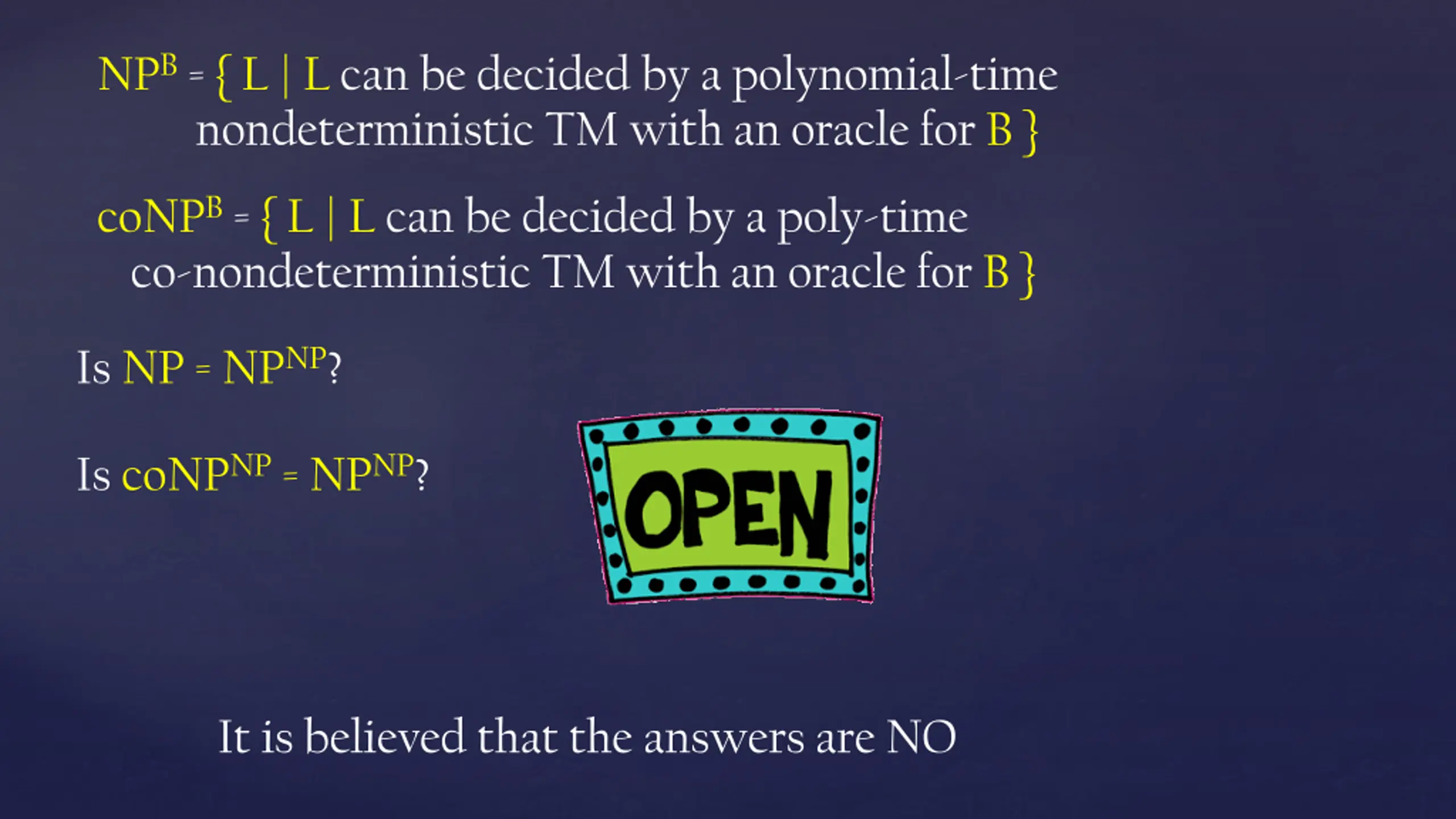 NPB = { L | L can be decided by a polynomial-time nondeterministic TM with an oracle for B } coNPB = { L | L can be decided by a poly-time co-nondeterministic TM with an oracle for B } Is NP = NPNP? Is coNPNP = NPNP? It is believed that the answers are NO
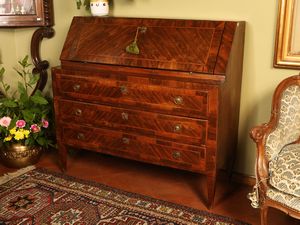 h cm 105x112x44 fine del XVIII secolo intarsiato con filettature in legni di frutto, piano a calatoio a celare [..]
◇ ◇ ◇ ◇
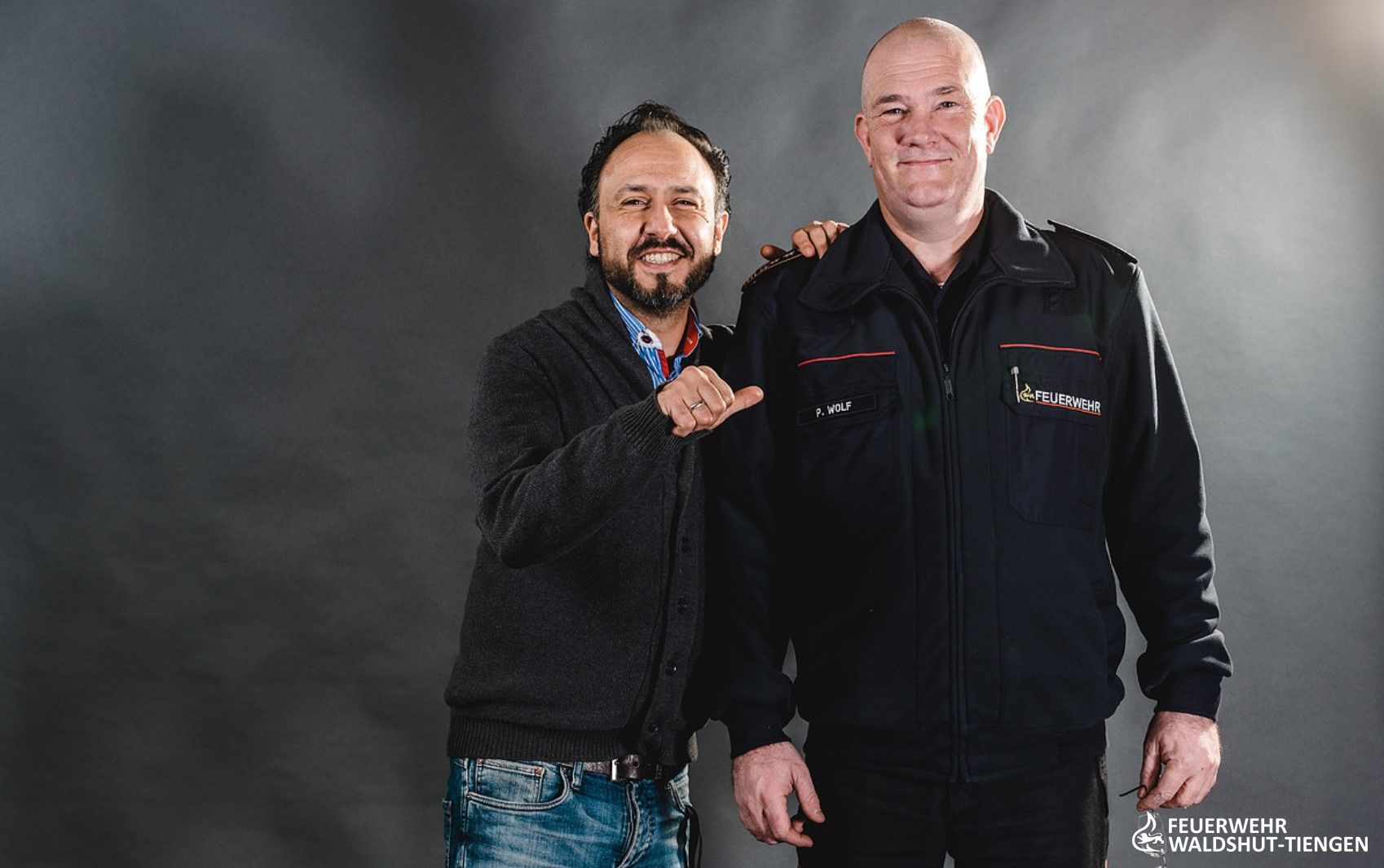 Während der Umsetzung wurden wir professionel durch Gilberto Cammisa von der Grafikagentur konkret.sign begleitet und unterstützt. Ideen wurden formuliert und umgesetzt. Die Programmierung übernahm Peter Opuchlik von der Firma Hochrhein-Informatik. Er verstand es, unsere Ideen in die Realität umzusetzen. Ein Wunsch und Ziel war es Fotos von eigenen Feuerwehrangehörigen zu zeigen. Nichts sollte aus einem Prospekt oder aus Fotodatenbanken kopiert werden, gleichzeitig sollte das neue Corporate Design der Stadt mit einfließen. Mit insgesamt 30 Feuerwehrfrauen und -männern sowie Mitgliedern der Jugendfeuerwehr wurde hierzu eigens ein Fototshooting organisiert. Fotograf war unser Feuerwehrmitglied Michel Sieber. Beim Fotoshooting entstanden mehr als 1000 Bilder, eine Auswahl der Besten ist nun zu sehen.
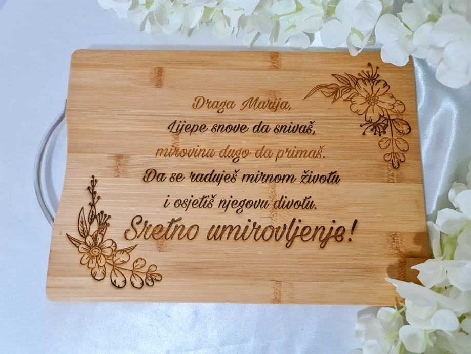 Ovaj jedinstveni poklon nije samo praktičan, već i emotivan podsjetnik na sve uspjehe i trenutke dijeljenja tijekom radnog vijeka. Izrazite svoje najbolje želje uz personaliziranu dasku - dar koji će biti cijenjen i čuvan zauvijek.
◇ ◇ ◇ ◇
▶ **What you have to do**: From the material above, reproduce only what runs from the line holding "Während der Umsetzung" down to the line holding "Ovaj jedinstveni poklon", both included, pictures excluded.

▶ **Final answer**:
 Während der Umsetzung wurden wir professionel durch Gilberto Cammisa von der Grafikagentur konkret.sign begleitet und unterstützt. Ideen wurden formuliert und umgesetzt. Die Programmierung übernahm Peter Opuchlik von der Firma Hochrhein-Informatik. Er verstand es, unsere Ideen in die Realität umzusetzen. Ein Wunsch und Ziel war es Fotos von eigenen Feuerwehrangehörigen zu zeigen. Nichts sollte aus einem Prospekt oder aus Fotodatenbanken kopiert werden, gleichzeitig sollte das neue Corporate Design der Stadt mit einfließen. Mit insgesamt 30 Feuerwehrfrauen und -männern sowie Mitgliedern der Jugendfeuerwehr wurde hierzu eigens ein Fototshooting organisiert. Fotograf war unser Feuerwehrmitglied Michel Sieber. Beim Fotoshooting entstanden mehr als 1000 Bilder, eine Auswahl der Besten ist nun zu sehen.
 Ovaj jedinstveni poklon nije samo praktičan, već i emotivan podsjetnik na sve uspjehe i trenutke dijeljenja tijekom radnog vijeka. Izrazite svoje najbolje želje uz personaliziranu dasku - dar koji će biti cijenjen i čuvan zauvijek.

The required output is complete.